Saturday, May 2, 2020

The Tale (2018)

The Tale
Written and directed by Jennifer Fox

This is a complex, well krafted and very effective autobiography movie of a young girl, age 13, who is raped and pulled into an ongoing exploitative association by a male running coach age 40.
Personally, the movie was not an easy entertainment at all.
It is like being inside someone else's nightmare dream, which also parallels one's own.

So much of the movie and these actual situations is reconstructing memory, verifying memory, and discarding memories that have been softened and made more manageable, less horrible. The abuse can be seen as one’s conscious act of righteous rebellion which is natural in a child who can see the flaws in their parent’s troubled relationship and imperfect lives. The child can be alienated by that and seek light and hope by looking up to and following a handy and charismatic, in a child’s eyes, mentor. These memories are dealt with, placated, and reconfigured as a matter of choice by the victim when the reality is far from that. This is well represented in The Tale.
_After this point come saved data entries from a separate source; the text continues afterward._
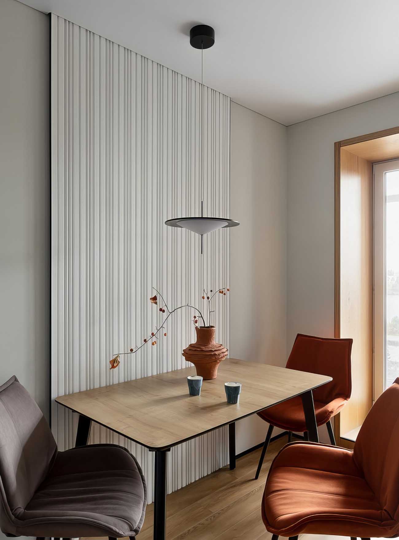 A konyhában az étkezőasztal melletti falat izgalmas, térhatású panelekkel emelték ki.
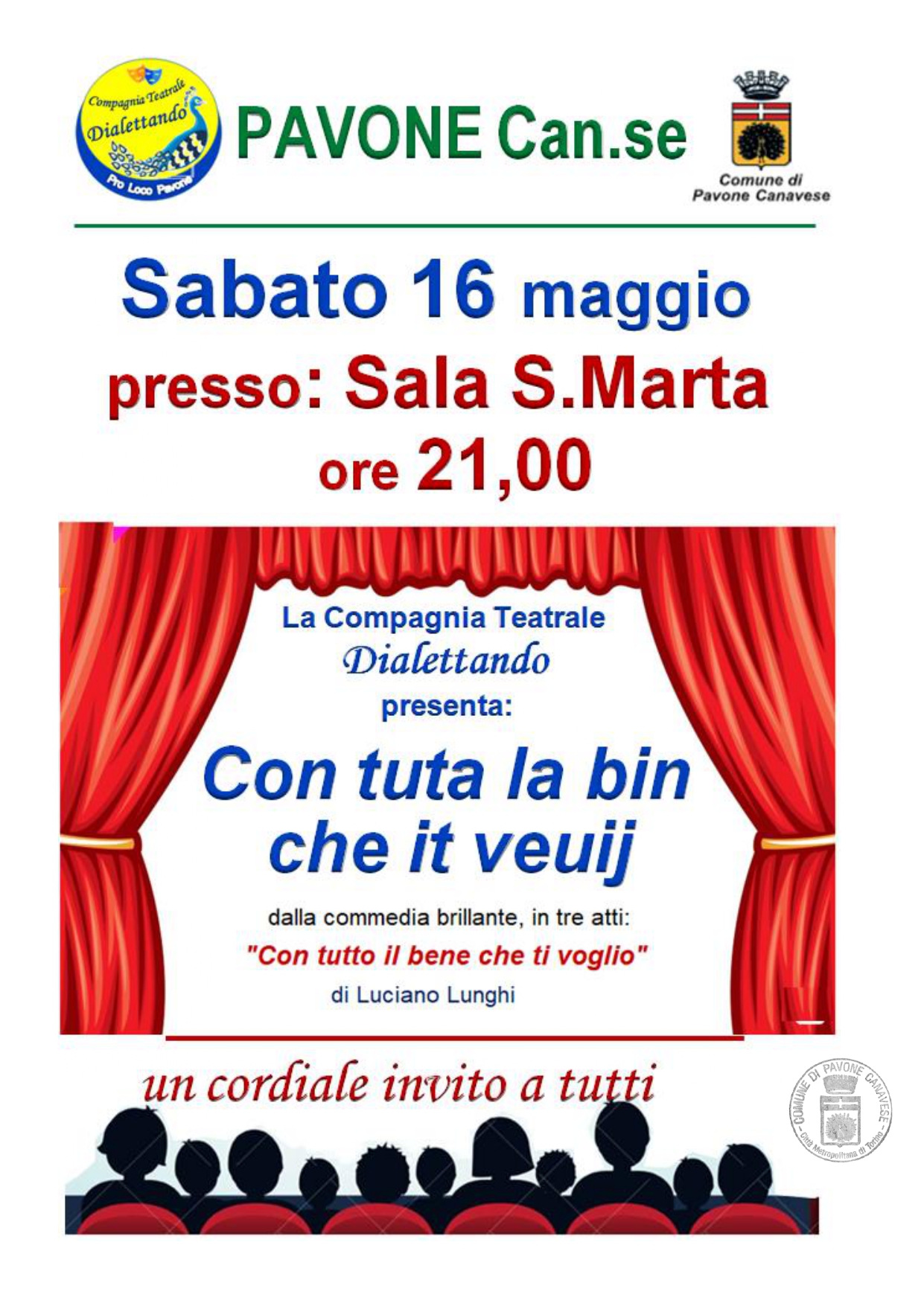 La Pro Loco di Pavone Canavese, in collaborazione con l'Amministrazione Comunale, invita la cittadinanza a partecipare allo spettacolo teatrale “Con tuta la bin che it veuij”, presentata dalla Compagnia Teatrale Dialettando.
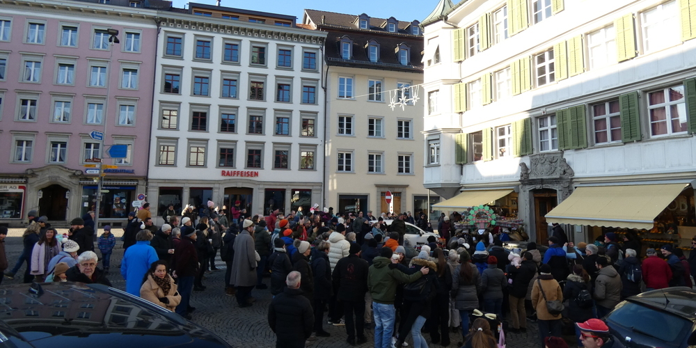 Das herrliche Wetter lockte am Mittwoch, 31. Dezember 2025, unzählige Besucherinnen und Besucher ins Zentrum von Herisau: Touristinnen und Touristen, Menschen aus der Region, aber auch viele ehemalige Herisauerinnen und Herisauer, die an diesem Tag die alte Heimat besuchten. Als gegen Mittag die ersten Schuppel im Dorfzentrum eintrafen, wurden sie von einer riesigen Menschenmenge empfangen.

The Jennifer character now, at age 48, is played by Laura Dern. Jenny at age 13 is played by Isabella Nélisse. There is a brilliant and very effective moment involving memory and the casting of the young girl. When Jennifer starts to remember, and we see her past depicted, Jenny is older, played by a 15 year old. But then in a scene looking at old photographs with her mother she is shocked and has to reset the age and the extremity of her innocence at the time of the abusive calamity when she sees a photo of how she really looked when this occurred, at age 13.. From then on young memory Jenny is played by a much younger girl who’s childlike look and contenance of innocence and inexperience cannot be denied.
(This moment really sold the movie to me personally because there is something that went on with me during childhood that I am unable to place without question on the blurry timeline of childhood. Was I 10? Younger? Older? I have reconstructed the age of the boy at 5 years older. Does that make the ratio 10 to 15, 9 to 14, 12 to 17? None of these ratios look good for him and his buddies, but I would like to know what it is for sure.)

The movie deals with this sensitive subject quite explicitly. There is no question of the totality of the phsyical rape. Yet there is not a hint of erotism or gray area in the sexual scenes reenacted. There is text at the end that states that an adult body double is used for these horrible scenes that would not be proper to put a child actor through for the sake of a movie. I wish I could say that for some other films that involve children crisis sexually or otherwise. 

The viewer might want a “trigger” warning for this one. And although a difficult ride, it is so well done and carefully thought through that one can also come out of it with personal insight to the ongoing damage that such an experience causes throughout life even into old age. Is that the reason for one's addictive behavior, lack of a wholesome fulfillment in social life, or spoty career? The reason one hid out wishing not to be noticed?